When an AI writes your code and your tests, passing tests prove nothing — they inherit the same blind spots as the implementation. qed defines acceptance criteria as typed specs, verified independently of the agent that did the work.
Two modes
Worker loop — run a worker (an AI agent, a build script, anything), verify each criterion, feed failures back, repeat until everything passes or the loop terminates. The orchestration is a formally proven state machine.
Verify mode — run each criterion once and report results. No worker, no loop — just verification. Used for CI and standalone checks.
Verification spectrum
Not everything needs a formal proof, and not everything can get away with a shell script. qed supports a spectrum of verification strategies, from deterministic to probabilistic:
| Type | Strategy | Guarantee |
|---|---|---|
command | Shell command, exit code | Deterministic |
property | Hypothesis / QuickCheck | Statistical |
proof | Lean 4 / Coq / Agda | Mathematical |
agentReview | Independent LLM review | Probabilistic |
human | Manual sign-off | Human judgment |
A single spec can mix all of these. The build must compile and the state machine must be mathematically proven to terminate and the code must pass an independent agent review — all in one verification pass.
Formally proven
The core loop is a pure transition function in Lean 4 with 8 theorems verified by Lean’s kernel:
- Termination — the loop always reaches a terminal state within
maxIterations - Stuck detection — fires iff the same failures repeat for
stuckThresholdconsecutive iterations - No skipped verification — worker output is always checked before passing
- Worker ordering — verification is only reachable from the worker-running state
- Terminal states are absorbing — once done, done
- Monotonic iteration count — iterations never go backwards
- Verify mode separation — verify mode cannot carry worker loop state
- Independent of state machine — verify mode does not use the transition function
No sorry (Lean’s equivalent of “trust me, bro”) anywhere in the proof modules. These aren’t aspirational properties — they’re mechanically checked by the compiler.
What a spec looks like
name = "state-machine"
[worker]
command = "claude -p 'implement the state machine'"
[[criteria]]
description = "Project builds and tests pass"

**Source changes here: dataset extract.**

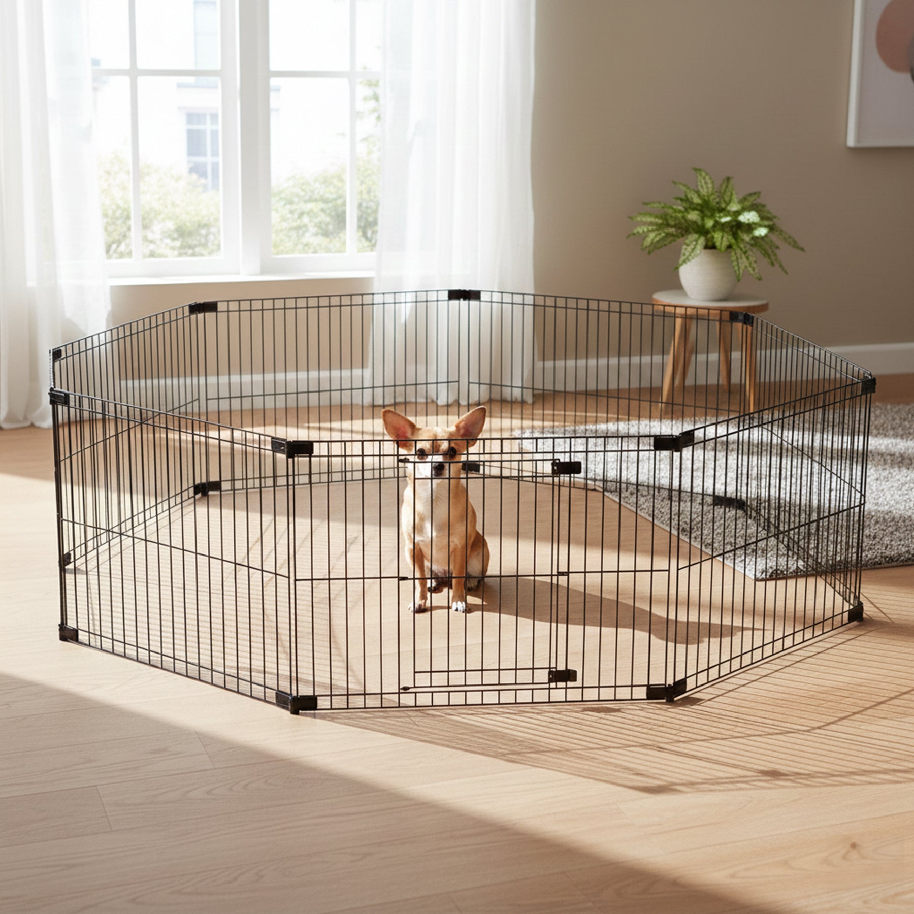 Parque para perros modular de metal, con 4, 6 u 8 paneles, totalmente configurable para interior y exterior.

verify = { type = "command", run = "lake build && lake test" }
[[criteria]]
description = "Transition function terminates"

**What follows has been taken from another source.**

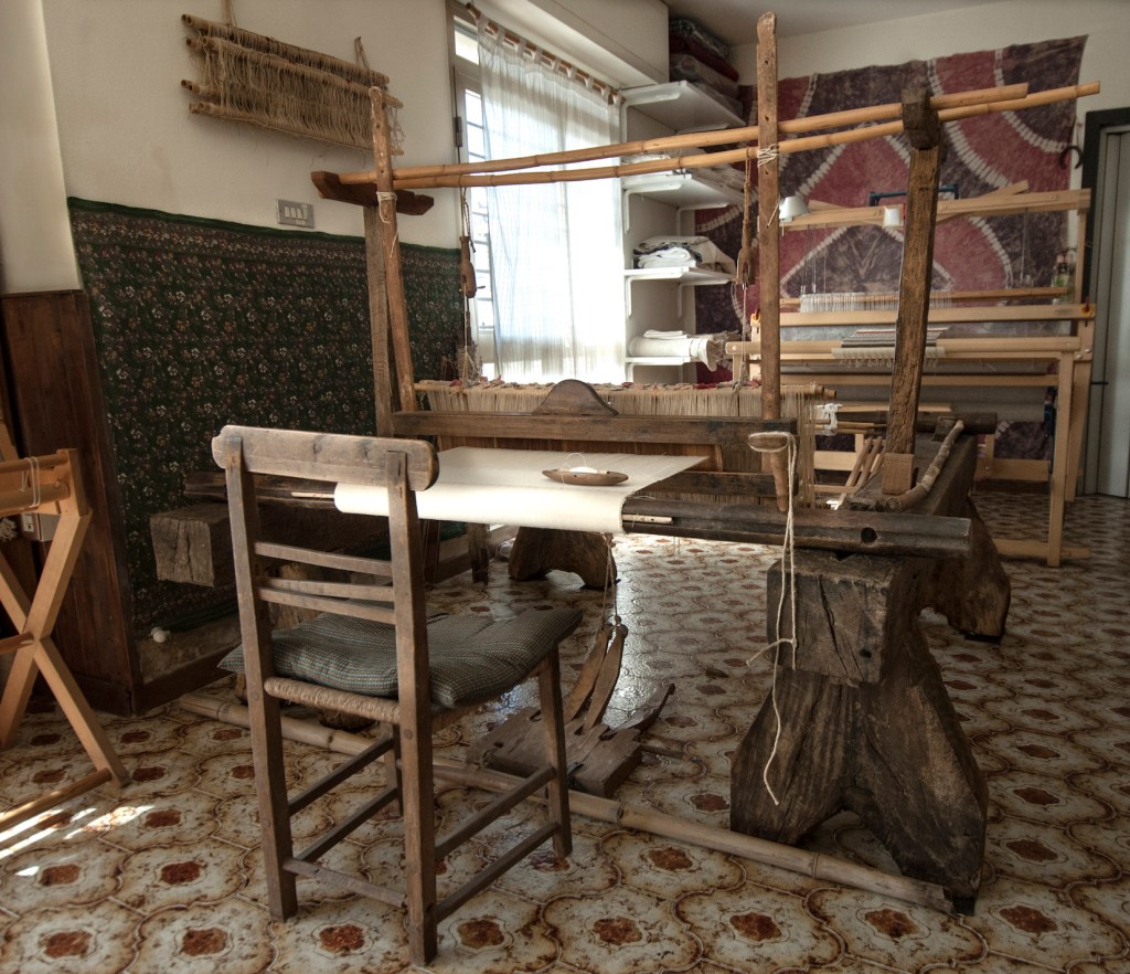 Il punto focale del laboratorio studio di Valeria Belli, a Brecciarola (Chieti), è un antico telaio abruzzese, imponente e stabile, proveniente dalla zona della Maiella e avuto, agli inizi della sua attività (1999), da un restauratore di Scafa in cambio della preparazione di un ordito.

verify = { type = "proof", prover = "lean4", target = "Qed.Proofs.Termination.transitionTerminates" }
[[criteria]]
description = "Code follows conventions"
verify = { type = "agentReview", prompt = "Check for pure functions and exhaustive matches." }
Specs are files in the repo — TOML or JSON, version-controlled, schema-validated. qed eats its own dogfood: the repo’s own acceptance criteria are defined as specs.
Status
Under active development, approaching v0.1.0. The core state machine, parser, verifier dispatch, and all formal proofs are complete. Open source under MIT.